## [Stored data]
▼
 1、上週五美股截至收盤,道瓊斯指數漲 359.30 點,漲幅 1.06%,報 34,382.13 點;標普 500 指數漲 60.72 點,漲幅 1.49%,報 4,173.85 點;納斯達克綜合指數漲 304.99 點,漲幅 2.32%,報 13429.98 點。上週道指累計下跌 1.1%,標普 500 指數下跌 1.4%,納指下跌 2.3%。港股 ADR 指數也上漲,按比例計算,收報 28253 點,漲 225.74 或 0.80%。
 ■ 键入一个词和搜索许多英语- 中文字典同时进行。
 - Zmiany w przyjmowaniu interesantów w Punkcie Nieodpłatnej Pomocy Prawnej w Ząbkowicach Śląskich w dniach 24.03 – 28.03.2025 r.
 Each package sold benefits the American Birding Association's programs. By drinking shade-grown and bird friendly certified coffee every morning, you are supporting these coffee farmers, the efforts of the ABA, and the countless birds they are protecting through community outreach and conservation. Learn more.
▲
▼
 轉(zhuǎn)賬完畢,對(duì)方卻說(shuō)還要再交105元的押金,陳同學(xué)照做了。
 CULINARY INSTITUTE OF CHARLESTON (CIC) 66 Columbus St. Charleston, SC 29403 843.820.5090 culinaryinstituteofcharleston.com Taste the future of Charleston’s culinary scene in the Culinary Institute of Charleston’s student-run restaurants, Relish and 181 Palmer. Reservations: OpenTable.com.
▲
In the listing above, find the line with "1、上週五美股截至收盤,道瓊斯指數漲 359.30 點,漲幅" and the line with "- Zmiany w przyjmowaniu"; output exactly those lines and all lines between them.

 1、上週五美股截至收盤,道瓊斯指數漲 359.30 點,漲幅 1.06%,報 34,382.13 點;標普 500 指數漲 60.72 點,漲幅 1.49%,報 4,173.85 點;納斯達克綜合指數漲 304.99 點,漲幅 2.32%,報 13429.98 點。上週道指累計下跌 1.1%,標普 500 指數下跌 1.4%,納指下跌 2.3%。港股 ADR 指數也上漲,按比例計算,收報 28253 點,漲 225.74 或 0.80%。
 ■ 键入一个词和搜索许多英语- 中文字典同时进行。
 - Zmiany w przyjmowaniu interesantów w Punkcie Nieodpłatnej Pomocy Prawnej w Ząbkowicach Śląskich w dniach 24.03 – 28.03.2025 r.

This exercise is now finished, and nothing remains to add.